===== The records =====

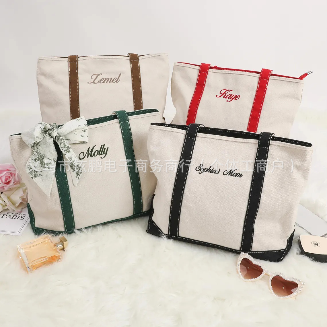 クロスボーダーカスタム刺繍ロゴキャンバスハンドバッグキャンバスバッグ学生レディースバッグトートバッグ刺繍カスタマイズ
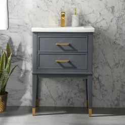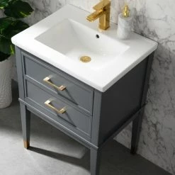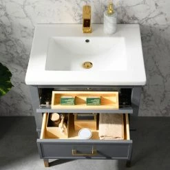 Promo ๐Ÿงจ Urban Furnishing Clara 24″ Single Bathroom Vanity In Gray With Porcelain Top โŒ›
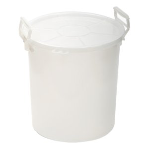 Bílý čirý plastový barel se zaklapávacím víkem a uchy, vhodný na sběr ovoce, zeleniny, na vodu, kvas, zimní uskladnění potravin atd.
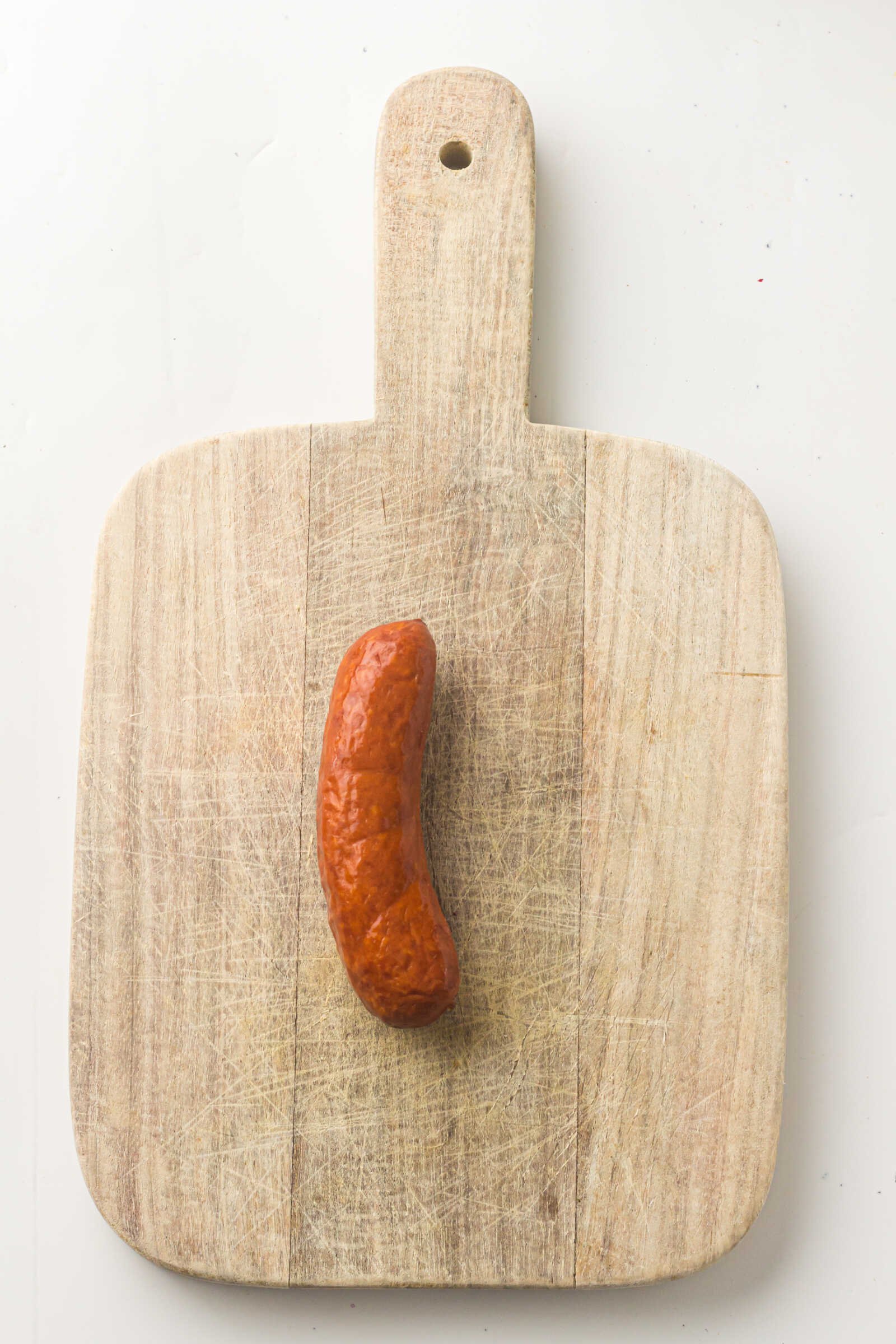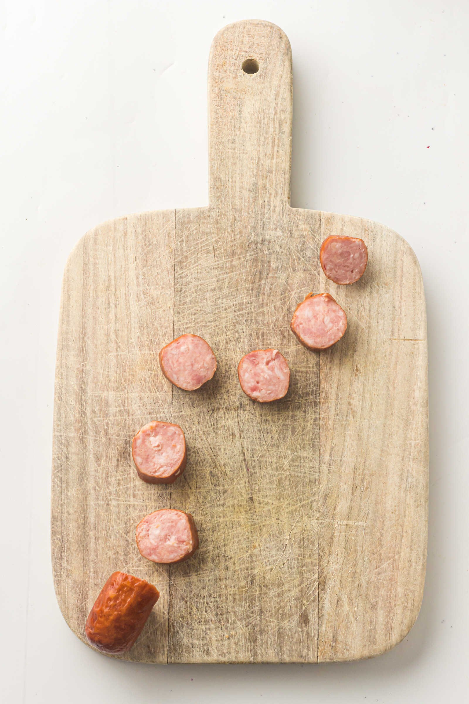 - Slice the sausage into ½-inch rounds
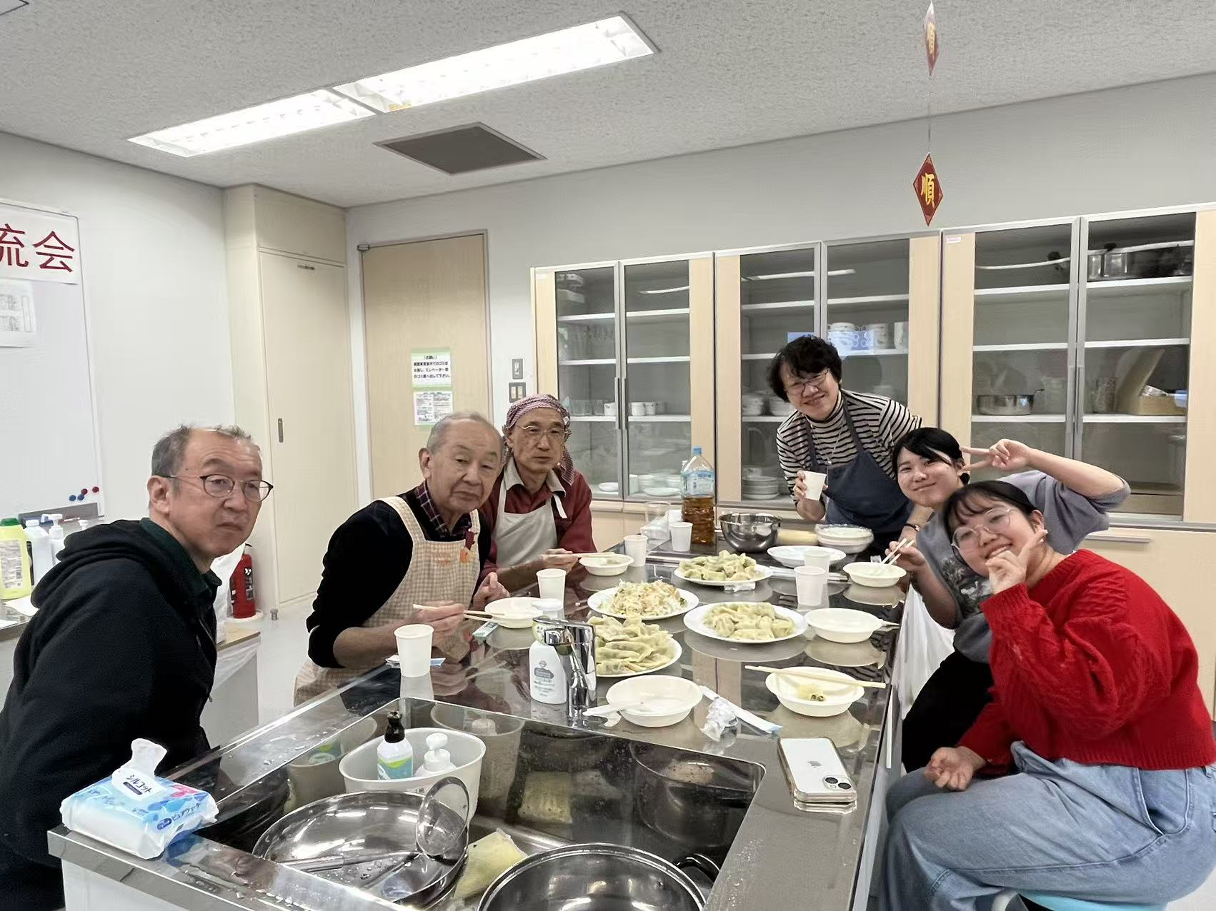 第2部では、大学の調理実習室にて「餃子パーティー」を開催しました。参加者全員で手作りの餃子を味わいながら、和やかな雰囲気の中で交流を深めました。
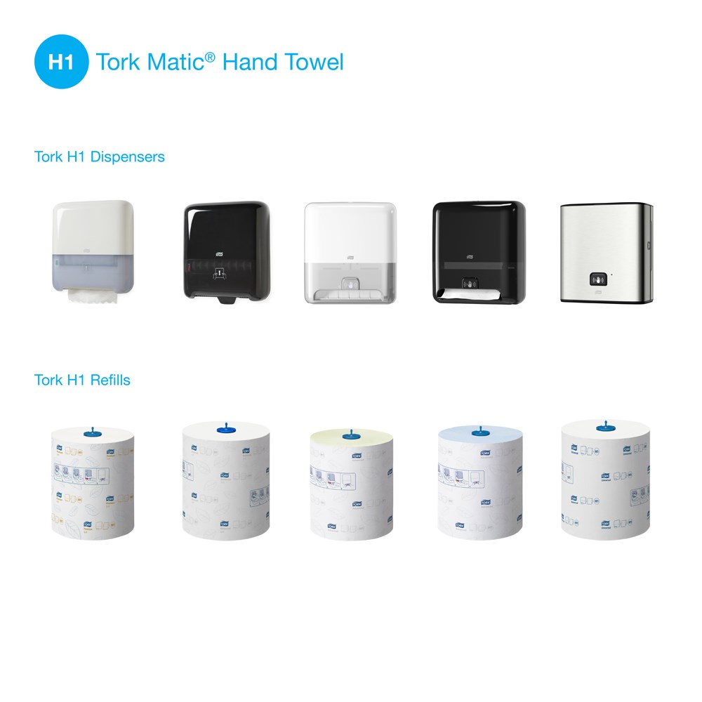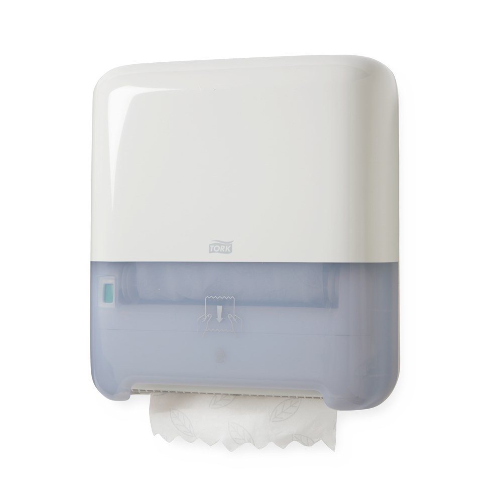 Tork Matic H1 White Hand Towel Roll Dispenser in Elevation Design delivers easy maintenance to keep busy washrooms functioning and reduces consumption with one-at-a-time sheet dispensing.

=====

- [Action item] With the images removed, give back every entry exactly as shown.

- [Finished task]
 クロスボーダーカスタム刺繍ロゴキャンバスハンドバッグキャンバスバッグ学生レディースバッグトートバッグ刺繍カスタマイズ
 Promo ๐Ÿงจ Urban Furnishing Clara 24″ Single Bathroom Vanity In Gray With Porcelain Top โŒ›
 Bílý čirý plastový barel se zaklapávacím víkem a uchy, vhodný na sběr ovoce, zeleniny, na vodu, kvas, zimní uskladnění potravin atd.
 - Slice the sausage into ½-inch rounds
 第2部では、大学の調理実習室にて「餃子パーティー」を開催しました。参加者全員で手作りの餃子を味わいながら、和やかな雰囲気の中で交流を深めました。
 Tork Matic H1 White Hand Towel Roll Dispenser in Elevation Design delivers easy maintenance to keep busy washrooms functioning and reduces consumption with one-at-a-time sheet dispensing.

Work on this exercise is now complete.